We recruited patients who had a defect in the lateral malleolar area reconstructed with a distally based sural adipofascial turnover flap based on a peroneal artery perforator between December of 2011 and February of 2016. The operations were performed by a single surgeon (HJY). All data were acquired from retrospective chart review following approval by the Institutional Review Board (IRB No. DFE21ORIO108, 2021-09-027). This study conformed to the World Medical Association Declaration of Helsinki (June 1964) and its subsequent amendments. Informed consent was exempted due to the retrospective design of the study. Data were collected on patient age, sex, etiology, comorbidities, anesthesia type, combined surgery, presence of osteomyelitis, bacterial profiles, defect size, flap size, flap elevation time, follow-up period, and complications.

Surgical technique

For patients without palpable peroneal artery on physical examination or with possible vascular injury due to previous trauma, computed tomography (CT) angiography for the lower extremities was performed and, if indicated prior to surgery, percutaneous transluminal angioplasty (PTA) was performed. The peroneal artery perforators were mapped using hand-held Doppler ultrasonography the day before the operation. Surgery was performed under spinal anesthesia if possible. However, if spinal anesthesia was difficult or in cases where a combined operation on other areas was required, general anesthesia was used. In cases where the patient had high anesthesia-related risk due to poor general condition, local anesthesia was used. For general or spinal anesthesia, a tourniquet was applied, and for local anesthesia, 1:100,000 epinephrine mixed with 1% lidocaine was infiltrated into the surgical site.

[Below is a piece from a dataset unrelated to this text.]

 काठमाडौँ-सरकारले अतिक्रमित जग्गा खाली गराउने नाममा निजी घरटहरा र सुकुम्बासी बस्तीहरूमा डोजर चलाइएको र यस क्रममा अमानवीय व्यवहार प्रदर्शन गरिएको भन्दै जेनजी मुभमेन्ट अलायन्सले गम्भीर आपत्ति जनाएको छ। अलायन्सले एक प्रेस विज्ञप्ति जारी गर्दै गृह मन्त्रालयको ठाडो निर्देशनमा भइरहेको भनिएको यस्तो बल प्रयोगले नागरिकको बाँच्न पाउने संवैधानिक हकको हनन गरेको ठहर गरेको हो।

After thorough debridement of the necrotic and scar tissues and unhealthy bone tissue, the size of the soft-tissue defect was measured.
The posterior border of the fibula and the lateral border of the Achilles tendon were marked, respectively. Since the peroneal perforator exists within this range, the flap width was designed to not exceed this range. The perforator was rechecked and marked using a hand-held Doppler, and the pivot point was determined (Fig. 1A). The width of the flap was designed to be identical to the width of the defect, and the length of the flap was determined by using a piece of gauze to simulate flap turnover and insetting for satisfactory coverage of the defect; the flap was designed to be a little longer considering the thickness of the folded part of the flap (Fig. 1B and C).
A longitudinal skin incision was made in the middle of the designed flap, and skin flap elevation was performed on both sides of the incision. At this point, to prevent flap necrosis of the donor site, about 2–3 mm of fat tissue was included in the skin flaps, and to reduce thermal injury, these were dissected using a sharp device such as a scalpel or scissors rather than an electrocautery device (Fig. 1D). The adipofascial flap was elevated to the previously designed pivot point by dissecting below the deep fascia (Fig. 1E). The flap was then turned over to cover the defect without tension. The flap was subsequently inset into the defect and fixed with absorbable sutures. For cases with subcutaneous tunneling under the skin margins of the wound, the sutures were passed into the undermined pocket, brought out through the skin, and tied over sponge bolsters to reduce dead space. The flap was then covered with a split-thickness skin graft. The skin graft was fixed with 5-0 nylon, and a wet-to-dry dressing was applied without pressure to prevent compression of the flap. A negative drain was placed in the donor site and primary closure was performed (Fig. 1F). A short leg splint was applied for immobilization, and elevation of the leg was required for 2 weeks postoperatively to reduce edema and prevent venous congestion.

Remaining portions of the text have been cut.